First, there's no getting around the fact that, no matter whether the hen was fed pesticides or not, or whether she was given another 2 inches of space or not, she will still come to a painful and terrifying end. And her death will pretty much be a blessing, considering how distressing her daily life was before meeting the man with the knife. The labels will not mention any of that because they are a big fat fraud, as evidenced by yet another exposé that hit the news last week, this one courtesy of PETA Germany. This latest case was about "bio" foods, labeled as coming from humanely raised, "free range" chickens and revealed the hell that can lurk behind the shell.

Let me say first that if you have never known a chicken, a live one, they are dear creatures, loving mothers, protective mates, able to figure out quite complicated things and full of personality. I knew an attorney once who raised one from a chick her daughter had bought for a dollar at a subway stop. That rooster loved his rescuer. In the evenings, he would stand on the back of a chair so that he could look out the upstairs window to watch for her coming home from work. The moment he caught sight of her coming down the street, he would race down the stairs and be excitedly hopping on the mat as she put the key in the latch. They would watch TV together, the bird clucking loudly whenever the actors raised their voices. Nothing I describe below should ever befall him or any other living being.
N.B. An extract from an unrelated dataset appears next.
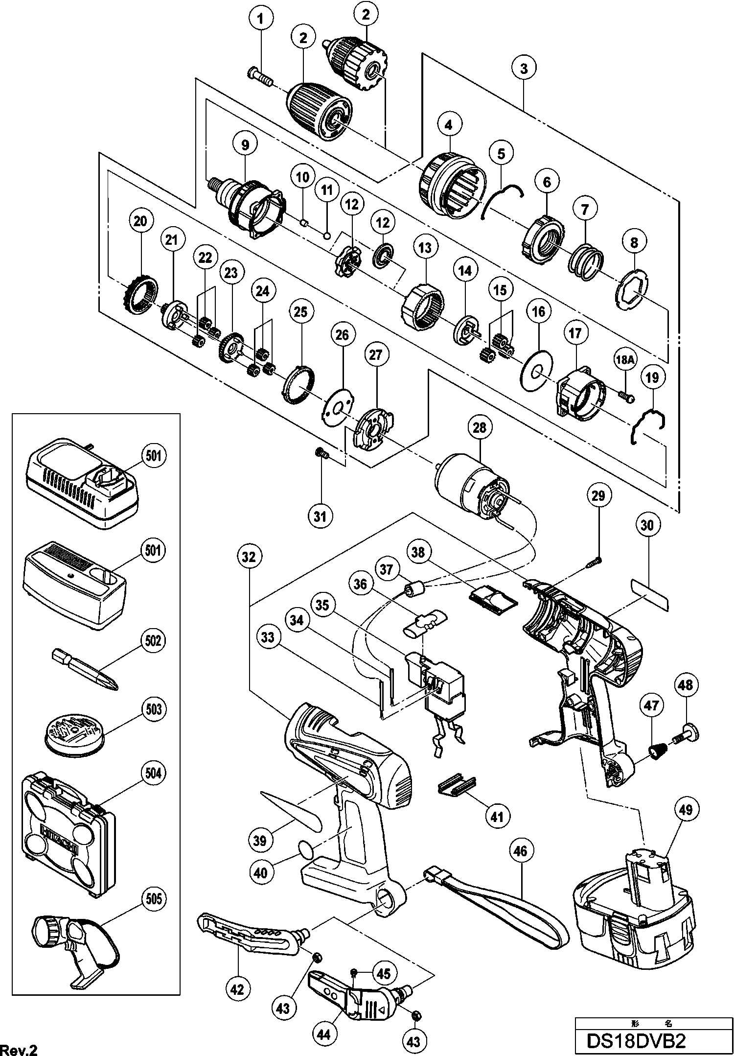 Lista de las piezas de repuesto de Hikoki DS18DVB2

Footage from the investigation shows thousands of hens confined to filthy, windowless sheds, dead and dying chicks, and birds with raw, abraded skin and oozing sores. Many birds were missing feathers and their bodies were covered with excrement and parasites.

In Germany, eggs labeled "bio" are supposed to come from birds with access to the outdoors, but in some barns, the birds' access was often impeded, sometimes by live electrical wires. On one farm, the investigators found exposed 15,000-volt electrical wiring that was shooting out sparks.

It's not just in Germany or in the U.K., where humane labeling scams have also been in the news. Here in the U.S., PETA has yet to find a "humane" farm where animals aren't kept in crowded conditions, where they don't have their beloved babies taken away from them, and where they aren't slammed into crates and sent on terrifying journeys by truck to horrifying slaughterhouses.

Ninety-five percent of the eggs produced in America come from factory-farmed birds. Even if free-range farms were hugely more humane, the sheer number of animals raised to satisfy people's desire for eggs, meat, and milk makes it impossible for us to raise them all on small, free-range farms.

So it's not just our farming practices that need to change, but our Conehead eating habits. It seems ridiculously obvious to point out that animals are sentient beings, but one has to point it out, over and over again, because they are still treated as if we didn't recognize that fact. It's no more acceptable to raise animals for food as long as they're treated "humanely" than it is to keep slaves as long as they're not whipped or beaten. Most of us balk at the idea of eating dogs or cats, even if they were raised lovingly; we should feel the same revulsion about eating other animals.

If you like the taste of meat and milk but don't want to cause any suffering, these tasty mock meats and nondairy milks, cheeses, and frozen desserts can satisfy. If you like to bake with eggs, you can substitute Ener-G egg replacer, bananas, tofu, or many other ingredients. You get the hang of it quickly enough. It's far easier than drinking all the beer out of a six-pack at once, as the Coneheads' neighbors had to try to do.